I can't recall if the "Create Cisco Spark messages from inbound emails" Zapier integration was available back then, but if so it would only have solved part of the problem. The exec would have been able to send messages into the Spark room from his email client. But without logging into the room himself he wouldn't know where things stood with the project or how we were responding to his directions.
By steadfastly refusing to use Spark, the executive successfully stemmed the tide of messaging apps threatening to overwhelm him personally. But in so doing he undermined the productivity of his team. Any time we saved using a collaboration app we lost by managing a separate, redundant, and time-consuming workflow to interact with one rogue team member.
Curbing Collaboration Apps
Of course, trimming down the number of messaging and collaboration apps isn't just the responsibility of the end users. IT should be actively involved in reining them in. Standardizing on a single persistent messaging app is not only good for security, compliance, and cost control, but also for ensuring most everyone in the company can use a single app to message and collaborate with most anyone else.
For some companies, choosing the team collaboration app to deploy companywide will be a no-brainer. Microsoft shops, for instance, will favor Teams, which will supplant Skype for Business as the combined instant and persistent messaging app for Office 365. Ditto for RingCentral clients, since Glip is free with their UCaaS subscriptions.

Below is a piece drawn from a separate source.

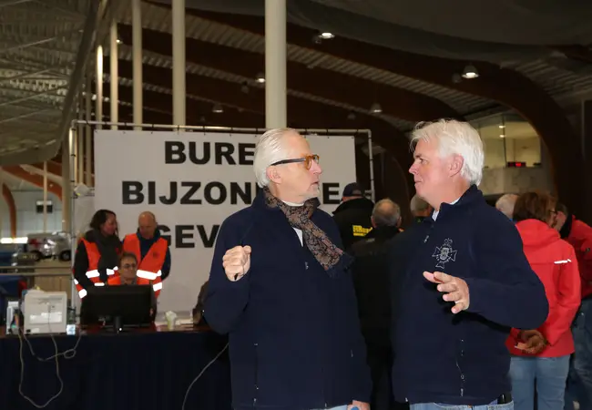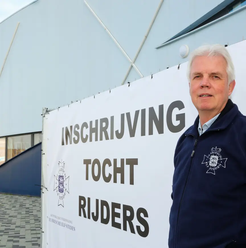 Harry van der Werf en Jan de Vries staan samen in de rij voor een nieuw startbewijs in oefenronde drie. Van der Werf is al achttien jaar wedstrijdleider bij de Elfstedentocht, en maakte hem met zijn vertrek komend seizoen dus nooit in functie mee. "Dat is zuur, maar met zeventig jaar moet je eruit", luidt het. Tevreden kijkt hij naar de grote groep test-aanmelders. "We hebben dit al zo vaak besproken dat ik het natuurlijk kan dromen", lacht hij. De wedstrijdrijders melden zich aan in een andere ruimte dan het 'normale' elfstedenvolk. "Maar verder komt het eigenlijk op hetzelfde neer. We willen alleen proberen om selfie-toestanden te voorkomen."

Other companies will favor the app that aligns with other IT purchases, such as Webex Teams (Spark) for Cisco customers and Stride or HipChat for those with existing investments in Atlassian software. It may not be feasible, of course, to completely stamp out all other messaging apps... particularly Slack, which is extremely popular among developers. But in such cases, it can make sense to keep developers on Slack while standardizing on a separate team collaboration app for the rest of the company.
Earlier this year at IBM Think I spoke with an IT services director at a large financial institution that had longstanding investments in Domino, Notes, Sametime, and Connections. So when seeking a team collaboration app, Watson Workspace was the obvious choice. However, software developers in his department had long used Slack and had no intention of giving it up. Instead of trying (and probably not succeeding) to pry Slack away from them, the company instead deployed Workspace to everyone else. It then integrated the two apps, adding a Slack channel to Workspace so that employees using one app can message those using the other.
In this way, the company could set up a single app for employees who could benefit from persistent messaging, but didn't prefer one app over another. And it kept a group of power users happy by not taking away a valued tool, and at the same time ensured their use of an alternative app didn't isolate them from the rest of the company.